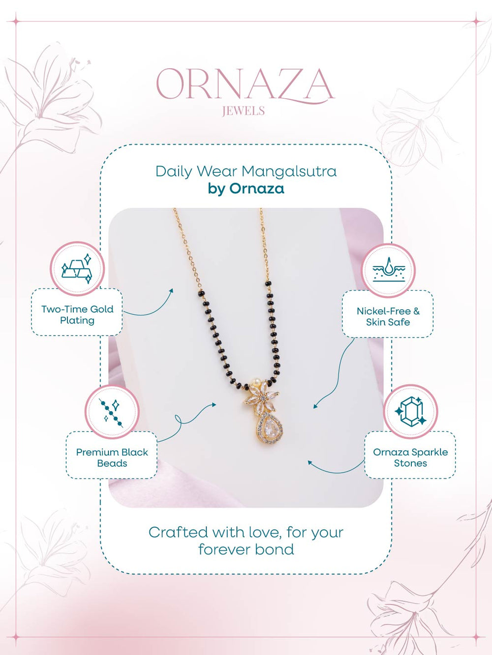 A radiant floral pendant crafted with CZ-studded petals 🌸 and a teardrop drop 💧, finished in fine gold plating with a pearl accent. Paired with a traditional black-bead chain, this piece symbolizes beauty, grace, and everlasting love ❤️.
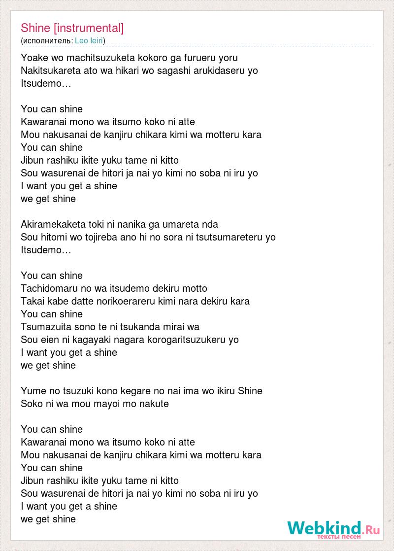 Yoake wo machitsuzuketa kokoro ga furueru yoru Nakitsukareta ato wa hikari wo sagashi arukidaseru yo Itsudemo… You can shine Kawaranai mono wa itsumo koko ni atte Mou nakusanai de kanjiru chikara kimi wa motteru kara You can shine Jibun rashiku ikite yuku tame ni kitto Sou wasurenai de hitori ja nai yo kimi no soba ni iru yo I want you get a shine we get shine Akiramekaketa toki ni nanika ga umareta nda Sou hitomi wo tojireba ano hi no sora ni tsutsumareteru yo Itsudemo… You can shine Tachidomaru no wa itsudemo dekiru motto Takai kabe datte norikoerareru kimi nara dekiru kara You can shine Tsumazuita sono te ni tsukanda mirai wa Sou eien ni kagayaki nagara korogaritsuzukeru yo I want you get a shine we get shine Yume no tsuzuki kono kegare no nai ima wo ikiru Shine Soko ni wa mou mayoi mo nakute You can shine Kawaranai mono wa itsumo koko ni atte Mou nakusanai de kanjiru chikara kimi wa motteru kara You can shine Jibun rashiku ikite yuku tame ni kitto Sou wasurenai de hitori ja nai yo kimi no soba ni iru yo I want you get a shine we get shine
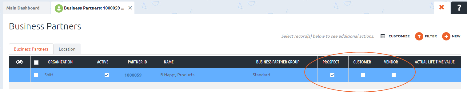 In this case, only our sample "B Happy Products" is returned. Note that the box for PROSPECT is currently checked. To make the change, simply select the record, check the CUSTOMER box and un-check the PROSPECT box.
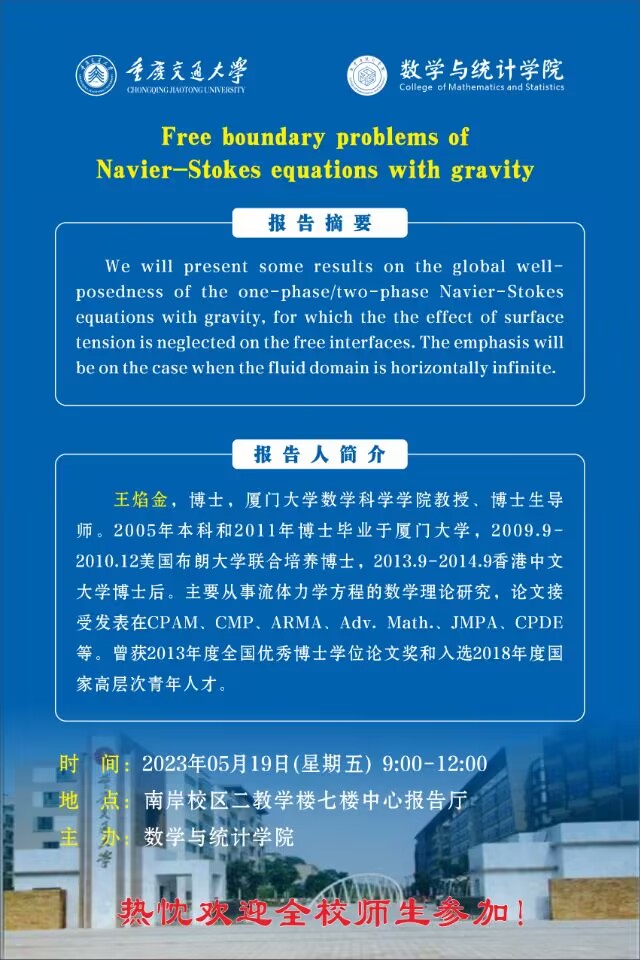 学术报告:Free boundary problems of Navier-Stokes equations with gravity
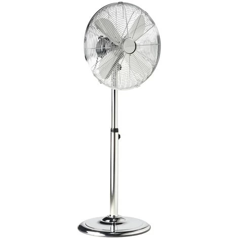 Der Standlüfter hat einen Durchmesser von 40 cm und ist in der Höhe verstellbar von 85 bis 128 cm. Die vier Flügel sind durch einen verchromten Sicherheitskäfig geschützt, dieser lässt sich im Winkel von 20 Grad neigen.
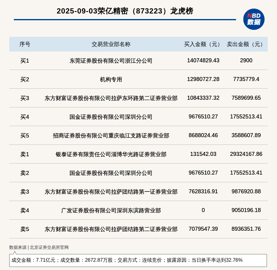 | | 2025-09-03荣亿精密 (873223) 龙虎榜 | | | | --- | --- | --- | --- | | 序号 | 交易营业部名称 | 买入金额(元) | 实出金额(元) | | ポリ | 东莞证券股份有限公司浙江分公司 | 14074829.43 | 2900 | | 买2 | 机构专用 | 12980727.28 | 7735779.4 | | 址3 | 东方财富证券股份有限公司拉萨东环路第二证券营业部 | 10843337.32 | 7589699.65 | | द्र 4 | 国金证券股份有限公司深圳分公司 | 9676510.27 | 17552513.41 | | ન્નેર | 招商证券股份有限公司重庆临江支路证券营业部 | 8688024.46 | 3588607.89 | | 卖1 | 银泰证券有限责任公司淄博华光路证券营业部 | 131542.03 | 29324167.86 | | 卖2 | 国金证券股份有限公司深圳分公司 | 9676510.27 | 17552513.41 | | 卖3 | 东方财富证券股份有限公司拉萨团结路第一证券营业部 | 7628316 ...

*TRY IT*
An exact transcript is required, covering the lines from the one containing "学术报告:Free boundary problems" through the end of the listing above, inclusive, without pictures.

*EXERCISE OUTPUT*
 学术报告:Free boundary problems of Navier-Stokes equations with gravity
 Der Standlüfter hat einen Durchmesser von 40 cm und ist in der Höhe verstellbar von 85 bis 128 cm. Die vier Flügel sind durch einen verchromten Sicherheitskäfig geschützt, dieser lässt sich im Winkel von 20 Grad neigen.
 | | 2025-09-03荣亿精密 (873223) 龙虎榜 | | | | --- | --- | --- | --- | | 序号 | 交易营业部名称 | 买入金额(元) | 实出金额(元) | | ポリ | 东莞证券股份有限公司浙江分公司 | 14074829.43 | 2900 | | 买2 | 机构专用 | 12980727.28 | 7735779.4 | | 址3 | 东方财富证券股份有限公司拉萨东环路第二证券营业部 | 10843337.32 | 7589699.65 | | द्र 4 | 国金证券股份有限公司深圳分公司 | 9676510.27 | 17552513.41 | | ન્નેર | 招商证券股份有限公司重庆临江支路证券营业部 | 8688024.46 | 3588607.89 | | 卖1 | 银泰证券有限责任公司淄博华光路证券营业部 | 131542.03 | 29324167.86 | | 卖2 | 国金证券股份有限公司深圳分公司 | 9676510.27 | 17552513.41 | | 卖3 | 东方财富证券股份有限公司拉萨团结路第一证券营业部 | 7628316 ...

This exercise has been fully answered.